**Exercise details**
Your output should be the lines from the one with "This dispute has" through the last line of the records below, exactly as written, minus the pictures.

**Exercise input**

* * * * * * *

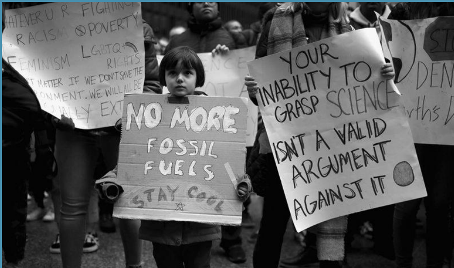
EDUCATE & ENGAGE

We are committed to delivering sustainable healthcare education and engagement initiatives that will accelerate innovation and diversity while empowering the world's untapped minds. Our aim is to consistently drive collaboration in order to find vital solutions that will continue to improve the well being of patients and people everywhere while supporting the revitalization of our planet.
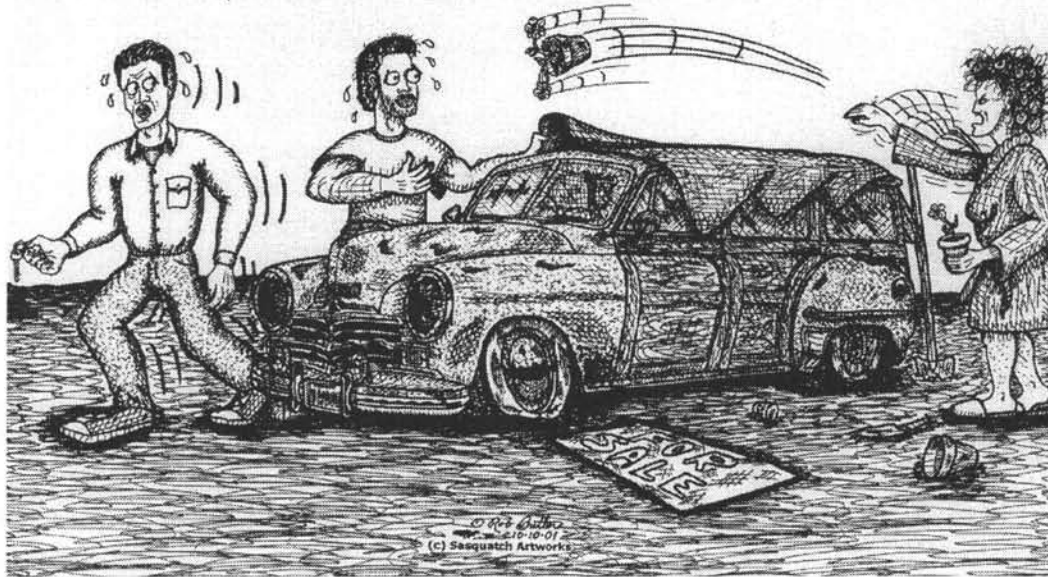
Bill Call has second thoughts about "his" Woody

The Plymouth Woody is one of the most sought after Plymouths out there today. So when I received a call that one was available I agreed to meet this fellow in a restaurant parking lot about 35 miles from my home. When I arrived there he asked me to follow him yet another 40 miles up in the mountains as it was at this ranch. We went up and down through the countryside until we finally came upon this old wired-up gate. We went through and proceeded up a dirt road to the top of the hill where there were at least 20 old cars in various conditions strewn
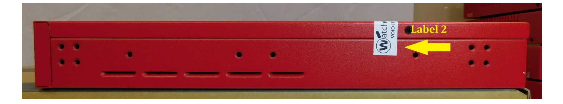
Figure 14: M470, M570, and M670 Tamper Evident Label 2 Placement
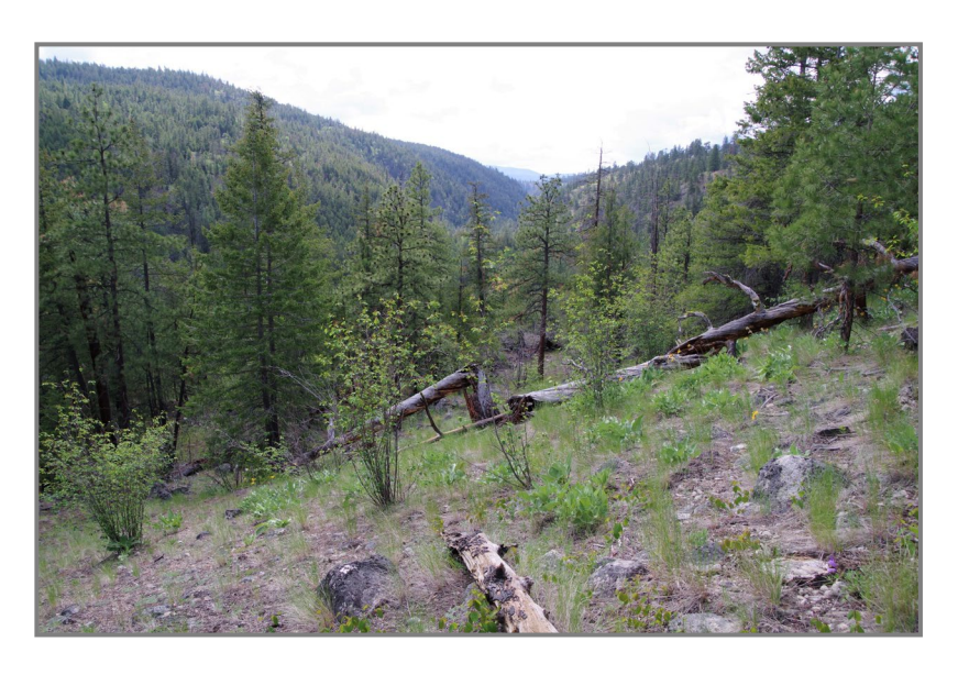
Photo 1 – Mixed aged stands of ponderosa pine and Douglas fir occur on the subject property.

Open Douglas fir – ponderosa pine forests are commonly on moderate to steep warm aspects with deep, medium-textured colluvial or morainal soils.
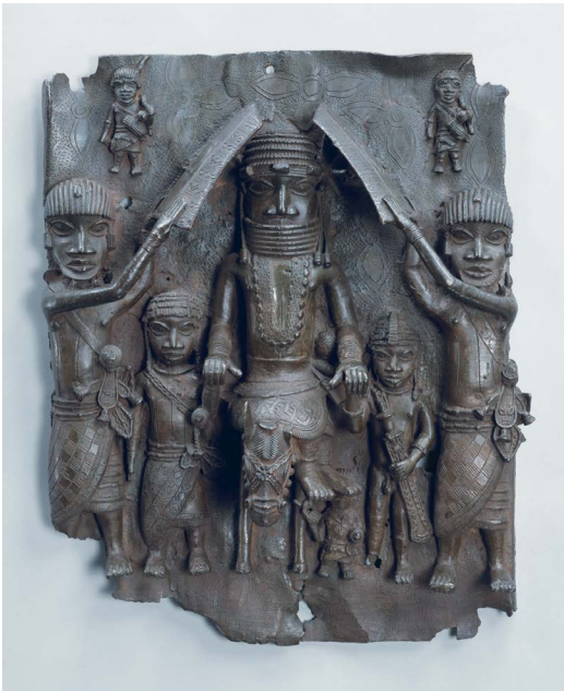
Wall plaque, from Oba's palace

169. Wall plaque, from Oba's palace. Edo peoples, Benin (Nigeria). 16th century C.E. Cast brass. (2 images)
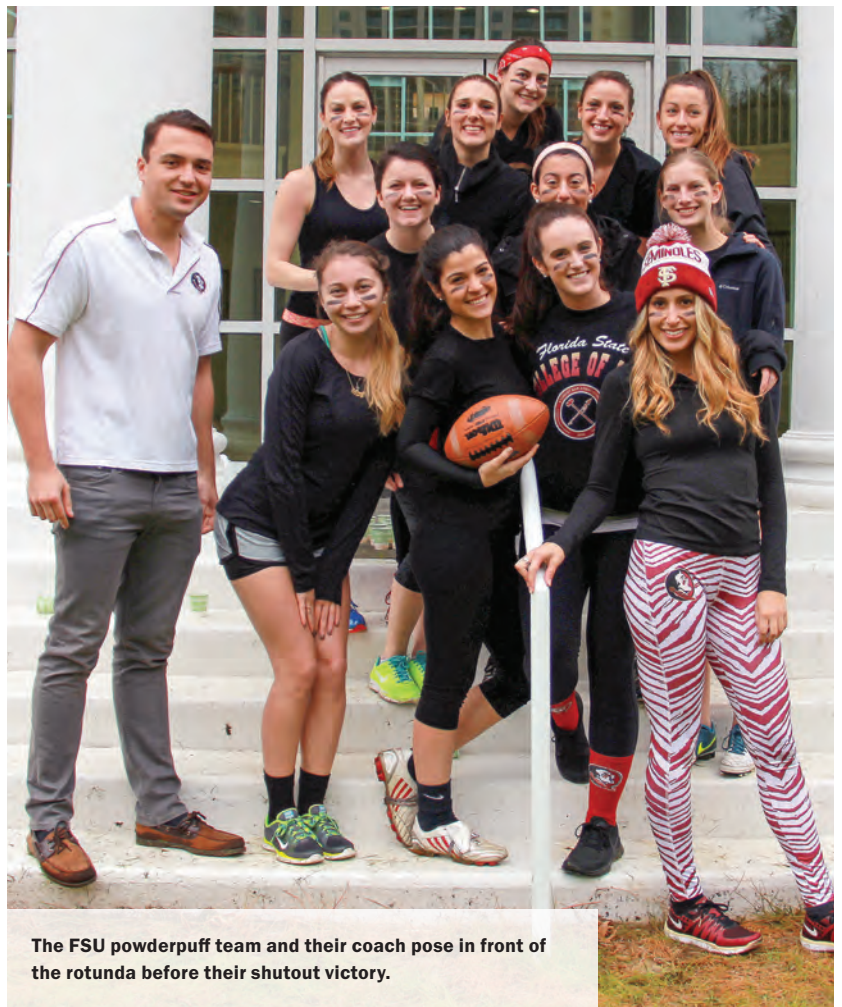
The FSU powderpuff team and their coach pose in front of the rotunda before their shutout victory.

Students enjoyed a fun afternoon of powderpuff football on the law school green on January 28. The annual event pits fans of Florida State University against fans of the University of Florida and usually coincides with the week of the FSU vs. UF football game, but was postponed due to inclement weather. The FSU team was victorious, beating the UF team 16-0.
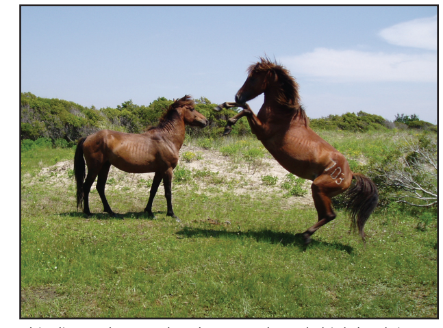
This dispute has escalated to a moderately high level; it's over mares but they're not in estrus. This harem has two stallions: the alpha, right, is putting the beta in his place.

Enjoy wild horse watching in your National Seashore. Bring binoculars. Choose a good vantage point where you can see all the horses at a glance (this keeps you from accidentally getting in the way or getting hurt). Relax and enjoy horse watching at its best.
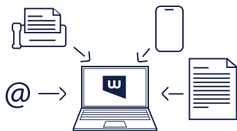
Omni-Channel Document Intake

Processing dental claims involves knowledge workers familiar with the enrollment of new claimants and the activities around entering information about a claim being processed.
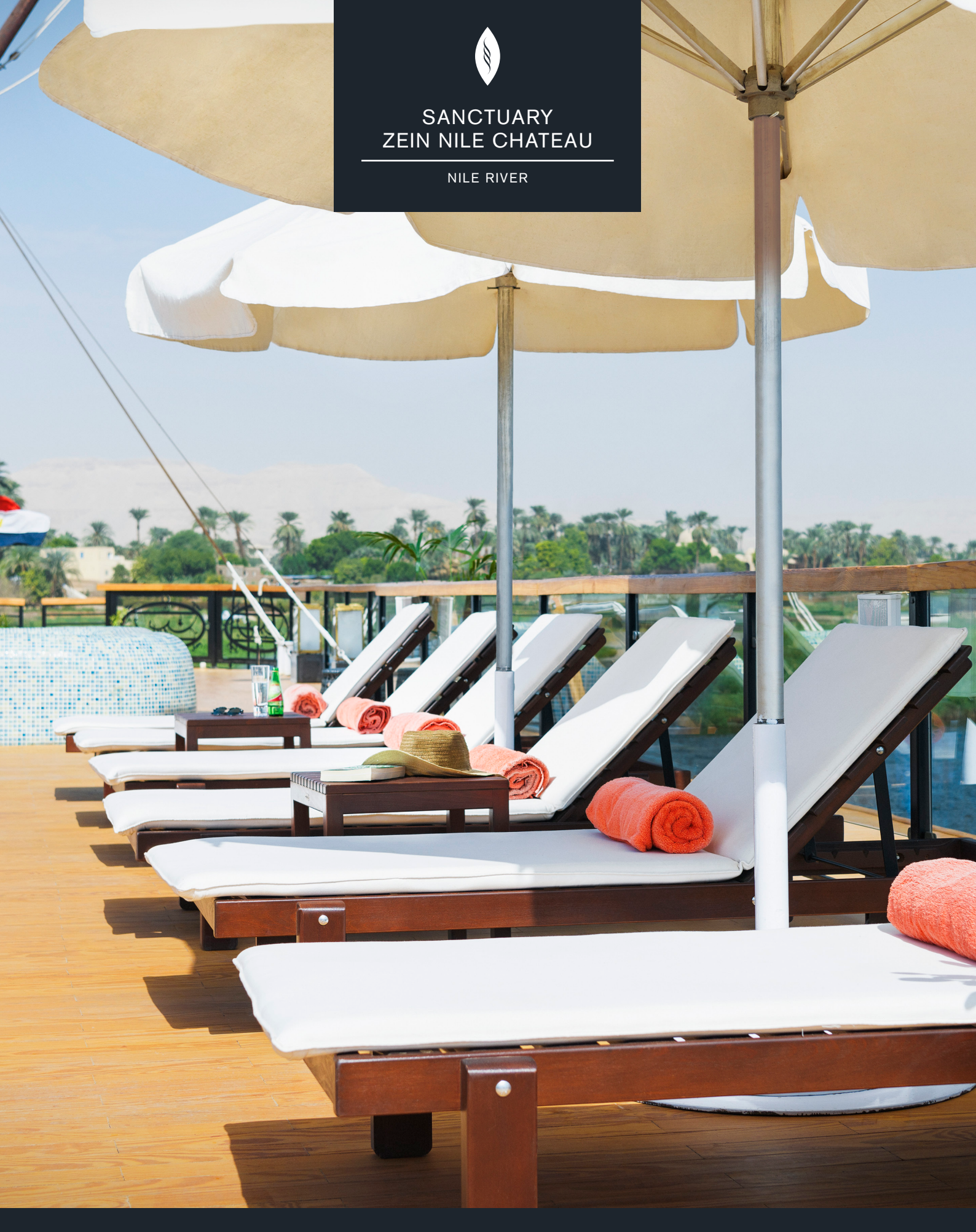
EGYPT: 6 CABINS

* * * * * * *

**Solution for this task**
This dispute has escalated to a moderately high level; it's over mares but they're not in estrus. This harem has two stallions: the alpha, right, is putting the beta in his place.

Enjoy wild horse watching in your National Seashore. Bring binoculars. Choose a good vantage point where you can see all the horses at a glance (this keeps you from accidentally getting in the way or getting hurt). Relax and enjoy horse watching at its best.
Omni-Channel Document Intake

Processing dental claims involves knowledge workers familiar with the enrollment of new claimants and the activities around entering information about a claim being processed.
EGYPT: 6 CABINS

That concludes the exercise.